Before proceeding, wire a potentiometer to your Raspberry Pi Pico board. You can connect the data pin to any ADC pin. We’ll use ADC0 on GPIO 26.

New to potentiometers? Learn how potentiometers work.

Parts Required

Here’s a list of the parts you need to build the circuit:

• Raspberry Pi Pico
• Potentiometer
• Breadboard
• Jumper wires

You can use the preceding links or go directly to MakerAdvisor.com/tools to find all the parts for your projects at the best price!

Schematic Diagram – Raspberry Pi Pico

You can use the following diagram as a reference to connect the potentiometer to the Raspberry Pi Pico board.

In this example, we’re using GPIO26 to read analog values from the potentiometer, but you can choose any other GPIO that supports ADC.

Script – Raspberry Pi Pico Read Analog Inputs

The following code for the Raspberry Pi Pico reads analog values from GPIO 26 and prints the results on the Shell.

# Complete project details at https://RandomNerdTutorials.com/raspberry-pi-pico-analog-inputs-micropython/
from machine import Pin, ADC
from time import sleep

pot = ADC(Pin(26))

while True:
  pot_value = pot.read_u16() # read value, 0-65535 across voltage range 0.0v - 3.3v
  print(pot_value)
  sleep(0.1)

View raw code

How the code works

This code simply reads the values from the potentiometer and prints those values in the MicorPython Shell.

To read analog inputs, import the ADC class in addition to the Pin class from the machine module. We also import the sleep method.

from machine import Pin, ADC
from time import sleep

Then, create an ADC object called pot on GPIO 26— the GPIO the potentiometer is connected to.

pot = ADC(Pin(26))

In the while loop, read the pot value and save it in the pot_value variable. To read the value from the pot, simply use the read_16() method on the pot object. This will give a value between 0-65535 across a 0-3.3V voltage range.

pot_value = pot.read_u16() # read value, 0-65535 across voltage range 0.0v - 3.3v

Then, print the pot value.

print(pot_value)

At the end, add a delay of 100 ms.

sleep(0.1)

Demonstration

Save the code to your Raspberry Pi Pico board using Thonny IDE or any other MicroPython IDE of your choice.
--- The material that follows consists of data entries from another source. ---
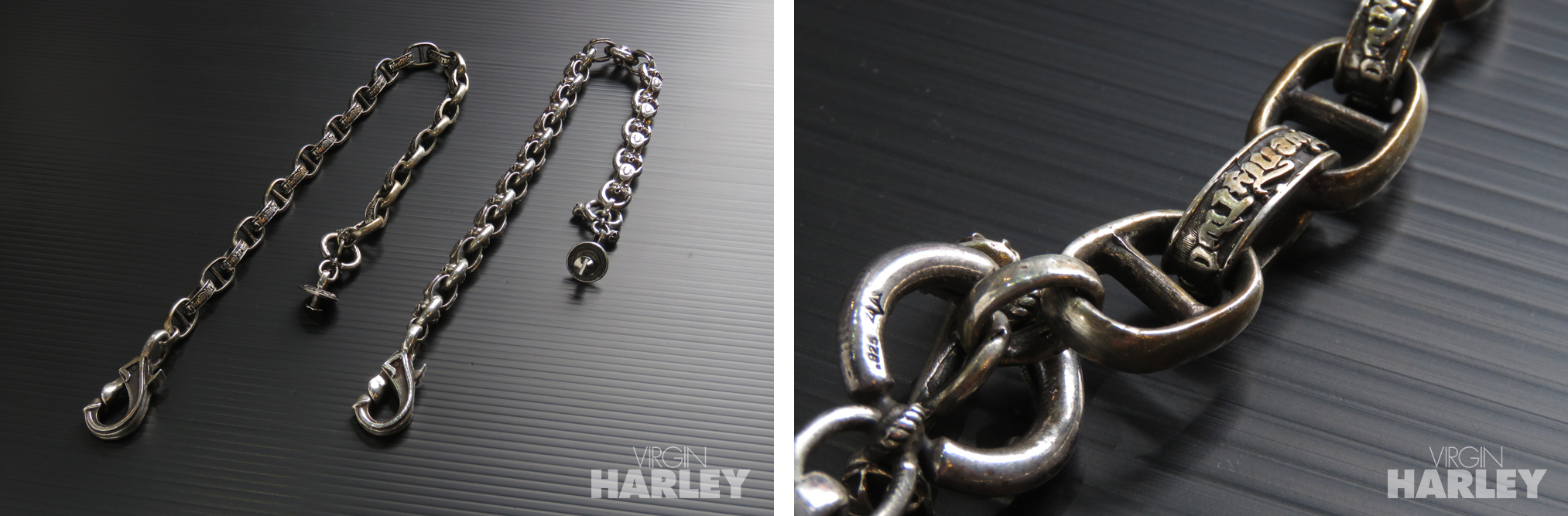 画像左側は、サンズ・オブ・アナーキーモデルのウォレットチェーン。素材はシルバーで、主人公たちが身に付けている。「23万947円(税込)」画面右側は、プリズンアンティークオリジナルカスタムメイドスカル・ウォレットチェーン。「61万4,304円(税込)」
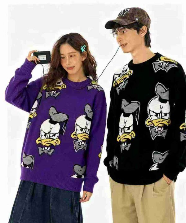 秋冬新款宽松慵懒风卡通提花包芯纱套头毛衣,独立包装,245件,全清9.9元超低价秒杀!
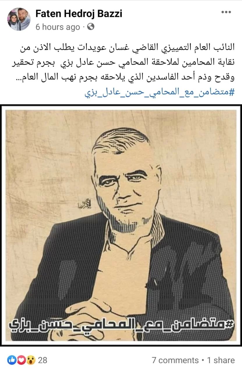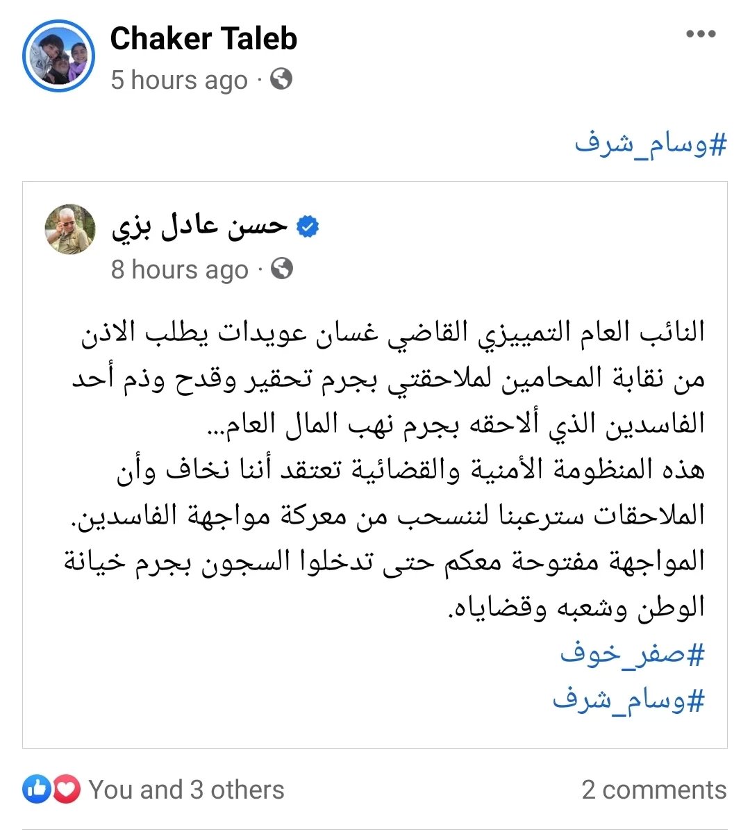 موقع بنت جبيل تواصل مع المحامي حسن بزي، الذي أكّد أنّ النائب العام التمييزي طلب الاذن من نقابة المحامين لملاحقته على خلفية شكوى تقدم بها رئيس بلدية شبعا ورئيس اتحاد بلديات العرقوب محمد صعب بجرائم القدح والذم والتحقير.
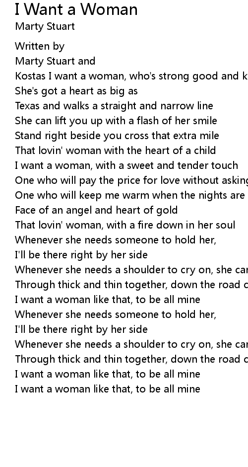 I want a woman, with a sweet and tender touch |
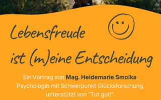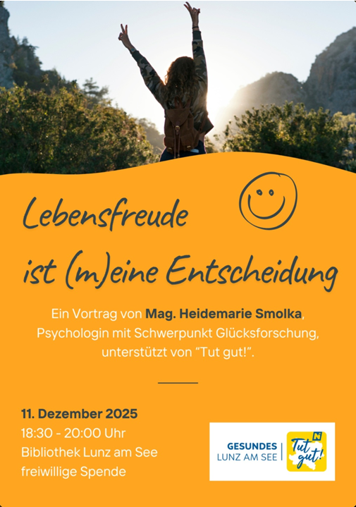 Lebensfreude ist (m)eine Entscheidung Ein Vortrag von Mag. Heidemarie Smolka, Psychologin mit Schwerpunkt Glücksforschung unterstützt von ''Tut gut!''. - 11. Dezember 2025 von 18:30 bis 20:00 Uhr- veranstaltet von der Gesunden Gemeinde Lunz am See- Bibliothek Lunz am See- freiwillige Spende Teile den Artikel ⇐ zurück

Follow the next instructions if you’re using Thonny IDE.

Copy the code provided to the Thonny IDE untitled file.

With the code copied to the file, click on the Save icon. Then, select Raspberry Pi Pico.

Save the file with the following name: main.py. Overwrite any existing files with the same name.

Note: When you name a file main.py, the Raspberry Pi Pico will run that file automatically on boot. If you call it a different name, it will still be saved on the board filesystem, but it will not run automatically on boot.

Reset your board (unplug and plug it into your computer). Click the little green button “Run Current Script” or press F5.

Rotate the potentiometer and see the values changing on the MicroPython shell.

The maximum value you can get is 65535, and the minimum value is 0.

Wrapping Up

In this tutorial, you learned about analog reading with the Raspberry Pi Pico. It has five 12-bit ADC channels, four of which are accessible on its GPIOs, and the fifth channel is connected to an internal temperature sensor.

Reading the voltage on a GPIO using MicroPython firmware is as simple as using the read_u16() function on an ADC object.This will give you a value between 0-65535 across a voltage range between 0.0V – 3.3V.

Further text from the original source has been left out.